Kārikā 68 of Abhinavagupta's Paramārthasāra is a definition of bhāvanā, 
enlightened by Yogarāja's commentary. It confirms in every respect the 
conceptual appropriation by non-dualist Śaivism of the concept of bhāvanā, 
which it uses to understand this practice that Abhinavagupta and his school 
otherwise call antaryāga, the "interiorised sacrifice", drawn from a Kaula 
tradition (see LBB-KDT 2011: Introduction to Tantric Philosophy, Routledge: 
50-51). In this concept of antaryāga, we recognise the ritual and sacrificial 
acceptation of the Mīmāṃsaka bhāvanā, transposed to a metaphorical level. 
This is how the concept is imperceptibly transformed, travelling from the idea 
of an external performance (sacrificial gestures) to that of an interiorised 
performance, which is strictly speaking a “realisation” in the mystical sense 
of the term in English (Purists consider the use of this term in French to be 
an Anglicism!) .
Śaiva bhāvanā therefore functions as a metaphor for Mīmāṃsaka bhāvanā, 
a metaphor justified by the ideological transfer of bhāvanā from the ritual 
plane to the metaphysical and mystical level. (see LBB-KDT 2011), and the Annex 
s.v.  I deal with the question in a forthcoming paper.

Best wishes,

Lyne


Lyne Bansat-Boudon

Directeur d'études pour les Religions de l'Inde

Ecole pratique des hautes études, section des sciences religieuses

Membre senior honoraire de l'Institut universitaire de France

________________________________
De : INDOLOGY <[email protected]> de la part de Rolf Heinrich 
Koch via INDOLOGY <[email protected]>
Envoyé : mardi 23 septembre 2025 14:25
À : [email protected] <[email protected]>
Objet : Re: [INDOLOGY] The meaning of "bhāvanādharmaḥ"


Yes, another idea:

bhāvanā is nowaday a common expression at least among Buddhist: On fullmoonday 
they dress in white clothes and go to the monastery to "follow bhāvanā". It 
appears likely to be meditation.
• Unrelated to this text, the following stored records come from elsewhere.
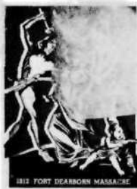
8425 - 3/4 ACTUAL SIZE

Here's a swell stamp for you history lovers. This stamp shows the Fort Dearborn Massacre which happened in 1812.
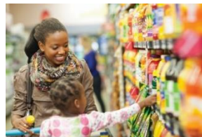
Retail & Consumer Products
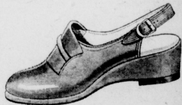
LADIES SMART MAID SHOES

Crepe Sole in black, tan and white Priced at only
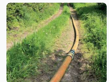
Oroflex 20 pipeline 5" to 4" Slurrykat stainless steel coupling adaptor
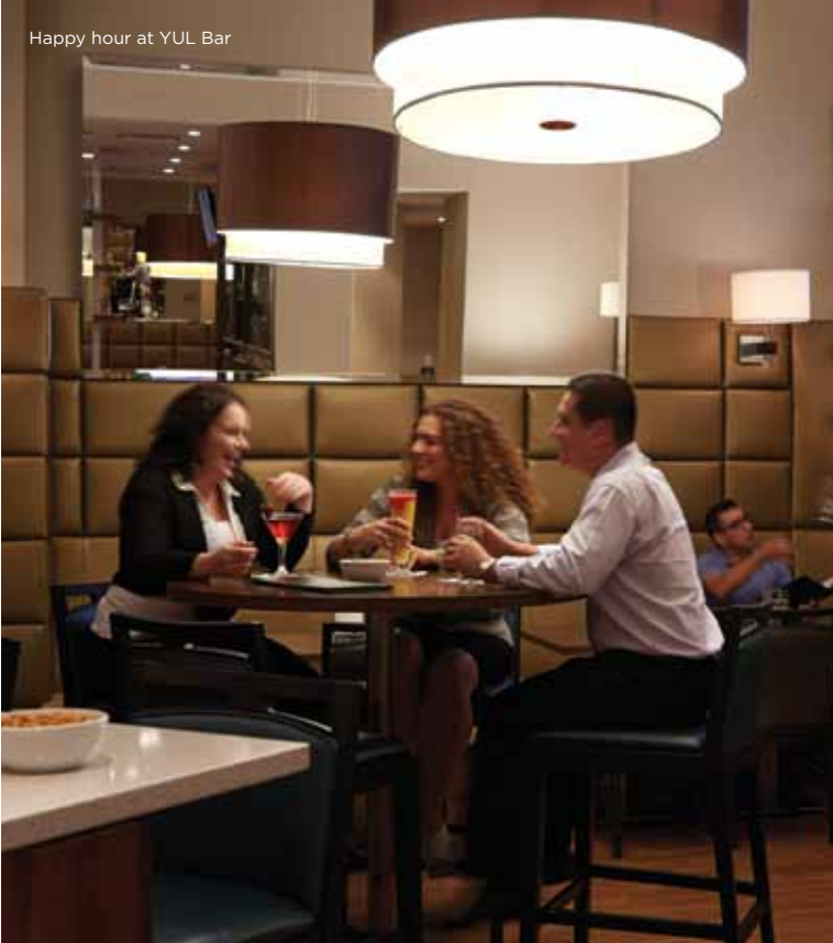
Happy hour at YUL Bar
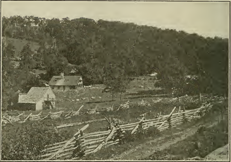
FIG. 1. Apple Orchard Camp, Virginia.

reach of comfortable quarters. Add to this the fact that Apple Orchard is practically unknown to botanists and that the whole region around the camp is a veritable flower-garden from about May 20 to the end of June, while Rhododendron catawbiense and Kalmia latifolia are in bloom, and the attraction is well-nigh irresistible.

The teachings of bhāvanā (may be there is a 
bhāvanā-Upaniṣad?) may refer to this praxis?


Am 23.09.2025 um 09:01 schrieb Paul Thomas via INDOLOGY:
Hello Colleagues,

I'm currently working on a translation of the Vimalaprabhā for the 84000 
translation project. The Vimalaprabhā is the most extensive Indian commentary 
on the Buddhist Laghukālacakratantra, composed in the earlier part of the 
eleventh century.

There, I’ve come across the title of a text, or, more likely, a term for a 
genre of texts that was current in medieval India at the time that the 
Vimalaprabhā was composed.  The term comes in the commentary on 
Laghukālacakratantra 2.96 that lists out false sources of knowledge (vidyā), 
listing the Vedas with their ancillaries, the Smārta doctrines, logic 
(Pramāṇa), the Śaiva Siddhānta, and the works (śāstram) composed by Vyāsa (the 
Mahābhārata) and Vaiśvānara.  It is the last on this list, the work(s) composed 
by Vaiśvānara that I can’t identify:

Laghukālacakratantra 2.96ab:
vedaḥ sāṅgo na vidyā smṛtimatasahitas tarkasiddhāntayuktaḥ
śāstrañ cānyad dhi loke kṛtam api kavibhir vyāsavaiśvānarādyaiḥ |

The commentary defines the works of Vaiśvānara, who, as I understand it, is the 
god Agni, as the bhāvanādharmaḥ, using a construction parallel to that used to 
describe the “teachings of the Purāṇas,” composed by Mārtaṇḍeya 
(mārtaṇḍeyakāvyaṃ purāṇadharmādayaḥ). Therefore I think bhāvanādharmaḥ here is 
not a title strictly speaking, but rather should be interpreted to mean “the 
teachings of bhāvanā,” whatever that may mean:

Vimalaprabhā v. 1, p. 221:
evaṃ śāstraṃ cānyad dhi loke kṛtam api kavibhir vyāsavaiśvānarādyair iti 
vyāsakāvyaṃ bhārataṃ vaiśvānarakāvyaṃ bhāvanādharmaḥ | ādiśabdena vālmīkikāvyaṃ 
rāmāyaṇaṃ mārkaṇḍeyakāvyaṃ purāṇadharmādayaḥ saṃgṛhītāḥ kṛtaṃ kavibhir ebhir na 
vidyā |.

Some sources say that Vaiśvānara composed some of the hymns of the Ṛgveda, but 
this doesn’t seem to be what is referred to here.  The Tibetan translations are 
of no help, simply translating bsgom pa’i chos if I recall, and neither does 
the Tibetan scholar mKhas grub rje (1385–1438) identify what this is.
Any ideas?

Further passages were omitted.